Carpe Diem is Not a Disability - Part 3


 me 1994
Two months after my first visit to the UBC Mood Disorders Clinic my family doctor finally received the notes and recommendations from the consulting psychiatrist. Her and I met earlier this week to discuss them. Formalities aside, her first comments were a little like this: Stace, I'm a little peeved....They wasted your time.... Psychiatric treatment in this city is terrible. You see, the consulting psychiatrist took no ownership or accountability in any diagnosis or treatment plan. She simply reiterated what my family doctor had sent me there for in the first place - possible bipolar affective disorder. However, she did  sprinkle a few more possibilities on top - possible adult attention deficit hyperactivity disorder (ADHD), and possible anxiety disorder.

At the close of my last interview with the UBC psychiatrist she told me that I had all the signs of adult ADHD, which she added is a recognized disability with the Canadian Revenue Agency, (I was curious as to why she added that bit).
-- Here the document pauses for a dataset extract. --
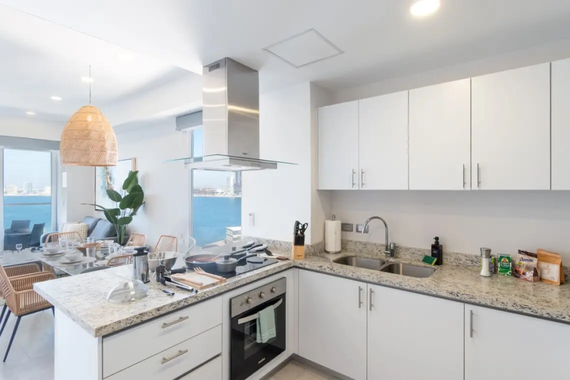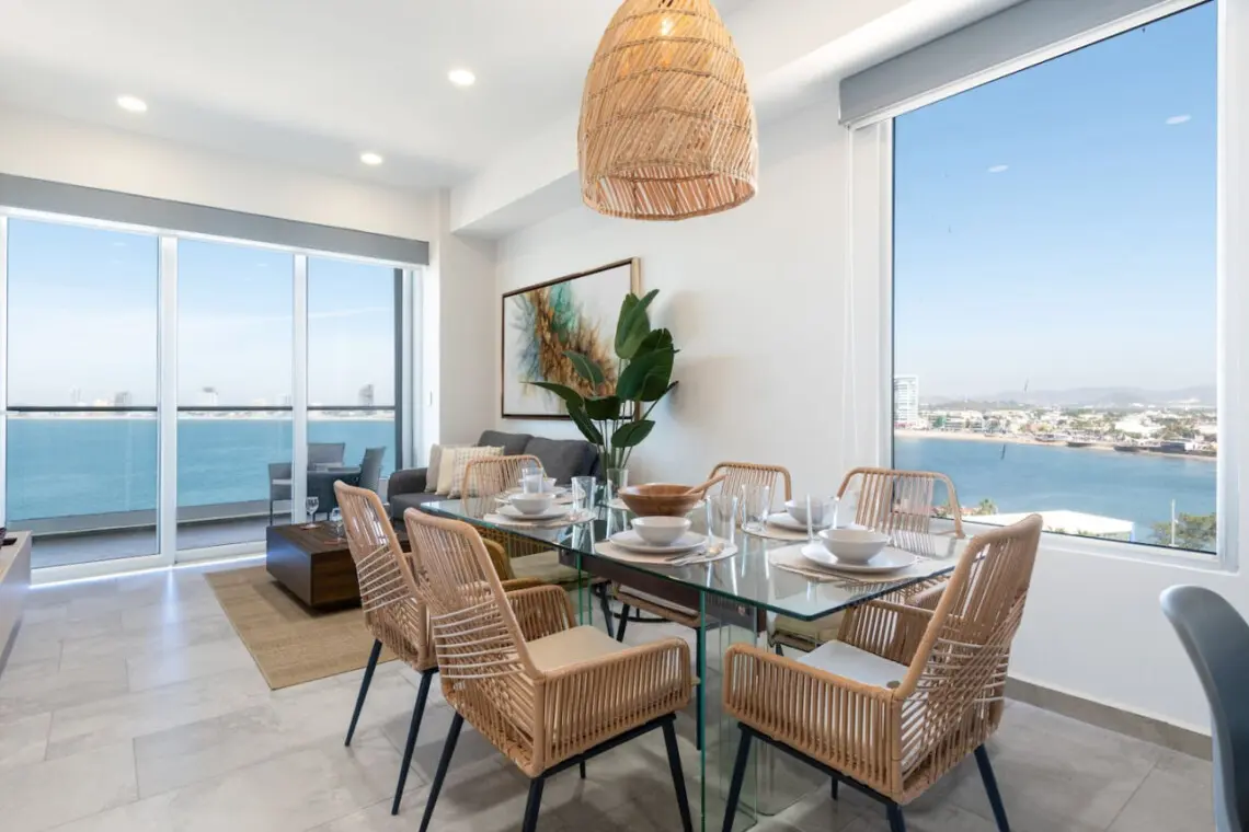 Este moderno departamento en el piso 7 de Punto Bahía es ideal para un fin de semana o una estancia larga en Mazatlán.

The diagnosis didn't surprise me because friends have been jokingly calling me ADHD since the early 90s. Over the course of the last two months the library has been my second home. I've been researching and reading on ADHD and, in my honest opinion, I believe that it is a made up term by psychiatrists to describe individuals with different patterns of learning and personality traits that are beyond average - or shall I say, not normal - whatever that is.
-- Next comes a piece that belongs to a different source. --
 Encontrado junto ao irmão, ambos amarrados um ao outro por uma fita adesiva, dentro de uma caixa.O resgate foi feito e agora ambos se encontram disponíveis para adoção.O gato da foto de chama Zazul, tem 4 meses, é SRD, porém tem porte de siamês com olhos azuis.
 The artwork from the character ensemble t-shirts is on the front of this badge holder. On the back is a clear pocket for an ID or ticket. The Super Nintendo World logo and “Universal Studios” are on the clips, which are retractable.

According to this terrible brainwashing book, Taking Charge of Adult ADHD, individuals with ADHD are more likely to drop out of school, live below the poverty line, commit crime and die young. Let's see, thinking back to my school years I always thought I was one of those gifted kids. I skipped grades, found school work too easy, never did homework, never studied and yet still achieved A's and B's, (except in math). I could have graduated from high school at age fifteen but my counselors failed to inform me until the start of the new term. I remember the day perfectly. Mr. Ponti, our high school counselor, spotted me in the hall and asked, 'Why are you still here? You should have graduated last year.'. Needless to say, I didn't do much for the rest of the year except skip out and go to thrift stores - which in turn led me to start my own business at fifteen. University wasn't difficult for me either - I'd write papers the night before they were due and still receive top marks, I was even accepted into an Ad hoc PhD program at McGill upon graduation. I thank my lucky stars that my elementary school teachers identified me as a gifted student and focused on enhancing my strengths and, unique ways of learning instead of labeling me as disabled and having me hooped up on mind numbing drugs so I could appear normal. As for living below the poverty line, committing crime and dying young? Well I'm still alive, I have a clean record and earn more than double the median income. Nothing has disabled me from achieving my potential.
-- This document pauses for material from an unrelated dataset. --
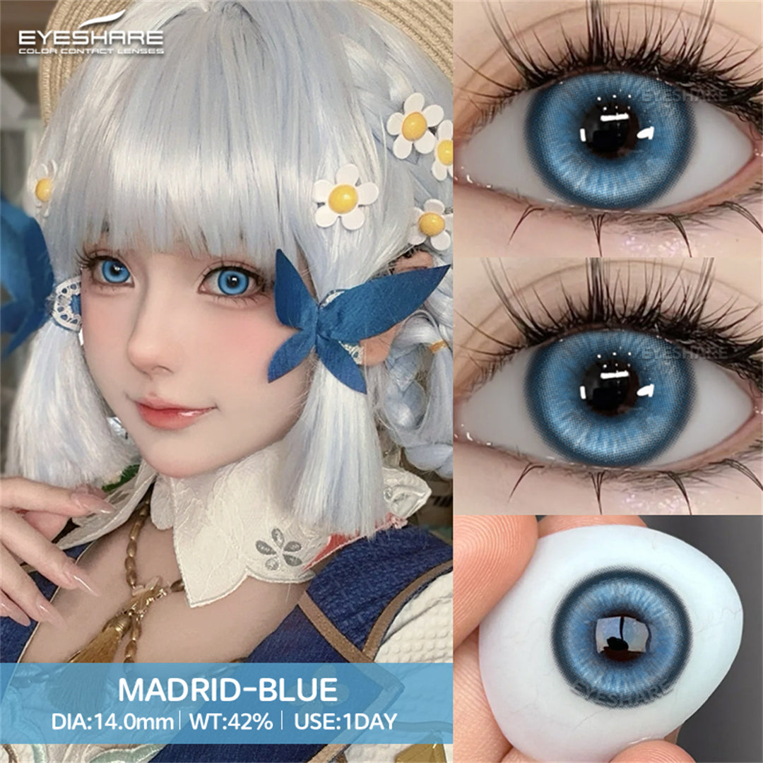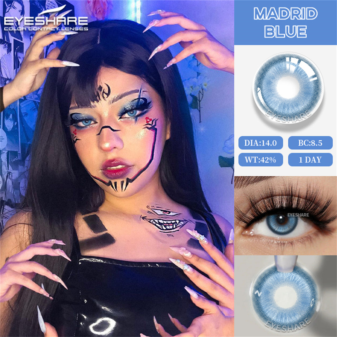 Yeknu Madrid Blue 1 Day Use I 14.0mm,10 Pcs=5Pair,Cosplay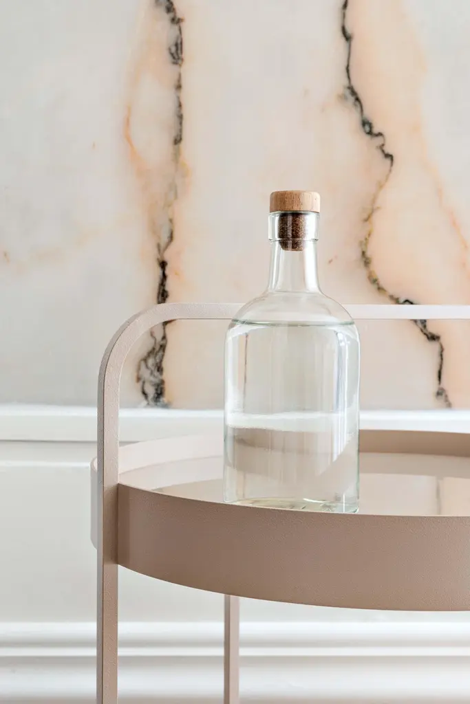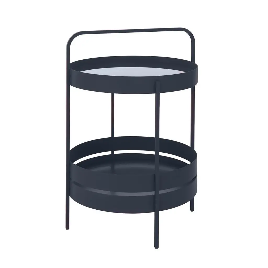 Side tablesteel, finely-structured powder-coated finish, upper shelf in clear glass, lacquered on reverse side, lower shelf in lacquered MDFStylish assistant. The ALBERT side table is puristic yet decorative, but also highly versatile. Perfect as a side table in living rooms, it also works well in hallways and home offices as a useful place to put things. Inspired by 1950s architecture, the design is compatible with any interior style. Its modern elegance makes it an eye-catcher no matter where. The powder-coated metal frame is available in rosewood, grey-white, black, tomato red or night blue. The top shelf is made of glass, back-painted to match the rest of the table. A clear design statement, refined and convincing.

So, what did the consulting UBC psychiatrist recommended for a treatment plan? She recommended I, (possible recommendations I may note), see two more psychiatrists and take a handful of stimulants and other drugs. The recommended stimulant, a Schedule III controlled substance in Canada, (same class as Vicodin, LSD, and shrooms), and a Schedule II controlled substance in the USA, (same class as opium, methadone and oxycodone).

My family doctor and I have decided that I will continue with the happy pills I currently take, (Wellbutrin), see a PMDD specialist at the BC Women's Hospital and start doing more puzzles to help me stand still and focus ;)

Carpe Diem is not a disability - it's a gift.

Read the whole story:
Part I
Part II


If you have any disconcerting thoughts running around in your head or friends/family have noticed a change in your behaviour please speak to someone. My situation is not yours and should not be applied to you. Seek professional help and find a doctor you can relate to and trust.